On 06/03/2019 22:06, Paul Guo wrote:
The patch also modifies heap_multi_insert() a bit to do a bit further code-level optimization by using static memory, instead of using memory context and dynamic allocation.

If toasting is required, heap_prepare_insert() creates a palloc'd tuple. That is still leaked to the current memory context.

Leaking into the current memory context is not a bad thing, because resetting a memory context is faster than doing a lot of pfree() calls. The callers just need to be prepared for that, and use a short-lived memory context.

By the way, while looking at the code, I noticed that there are 9 local arrays with large length in toast_insert_or_update() which seems to be a risk of stack overflow.

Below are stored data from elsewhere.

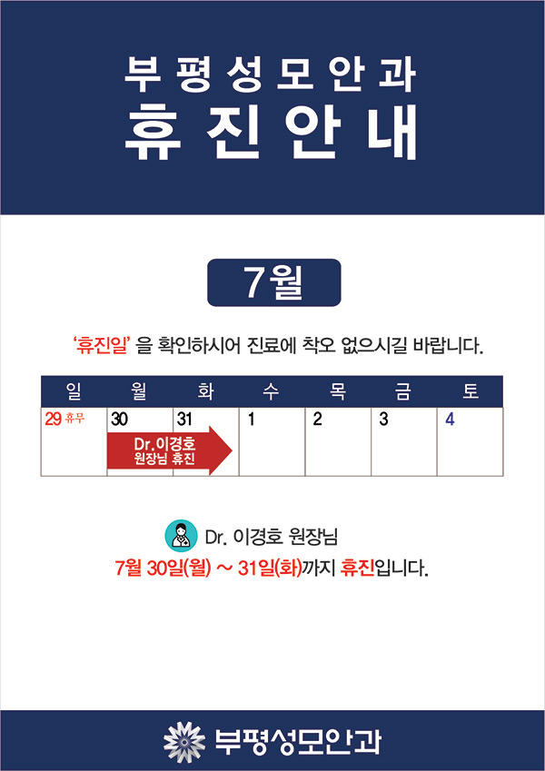 작성일18-07-20 00:00 [휴진안내] 7월 원장님 휴진안내
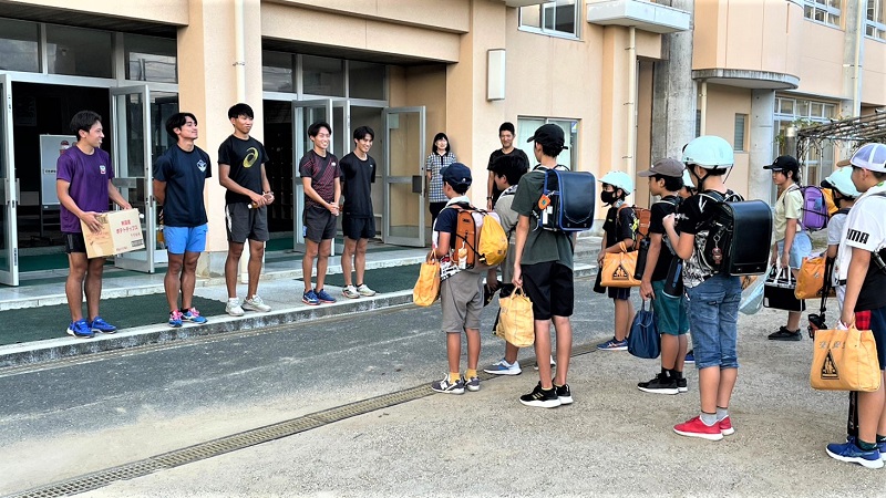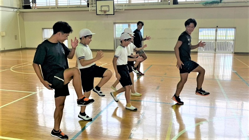 主将の田中稜真さん(心身マネジメント学科4年)は「日が経つにつれて専門的な動きも徐々に上達が見られた。技術の向上はもちろん、一人ひとりが楽しく練習できていたと思う」と語りました。また、最終日には「僕たちでも大会は緊張する。当日は、結果に関係なく陸上を楽しんでほしい」と児童にエールを送りました。
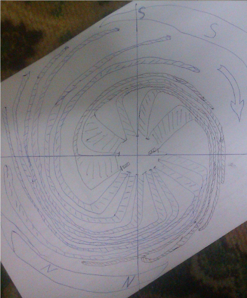 По рисунку видно: черной ручкой обмотки верхних ламелей, синей ручкой - обмотки нижних ламелей. Вертикальная ось - расположение катушек статора, щетки немножко смещены по отношению горизонтальной оси.

Maybe we should put it as static or global.

Hmm. We currently reserve 512 kB between the kernel's limit, and the limit we check in check_stack_depth(). See STACK_DEPTH_SLOP. Those arrays add up to 52800 bytes on a 64-bit maching, if I did my math right. So there's still a lot of headroom. I agree that it nevertheless seems a bit excessive, though.

With the patch,

Time: 4728.142 ms (00:04.728)
Time: 14203.983 ms (00:14.204)
Time: 1008.669 ms (00:01.009)

Baseline,
Time: 11096.146 ms (00:11.096)
Time: 13106.741 ms (00:13.107)
Time: 1100.174 ms (00:01.100)

Nice speedup!

While for toast and large column size there is < 10% decrease but for small column size the improvement is super good. Actually if I hardcode the batch count as 4 all test cases are better but the improvement for small column size is smaller than that with current patch. Pretty much the number 4 is quite case specific so I can not hardcode that in the patch. Of course we could further tune that but the current value seems to be a good trade-off?

Have you done any profiling, on why the multi-insert is slower with large tuples? In principle, I don't see why it should be slower.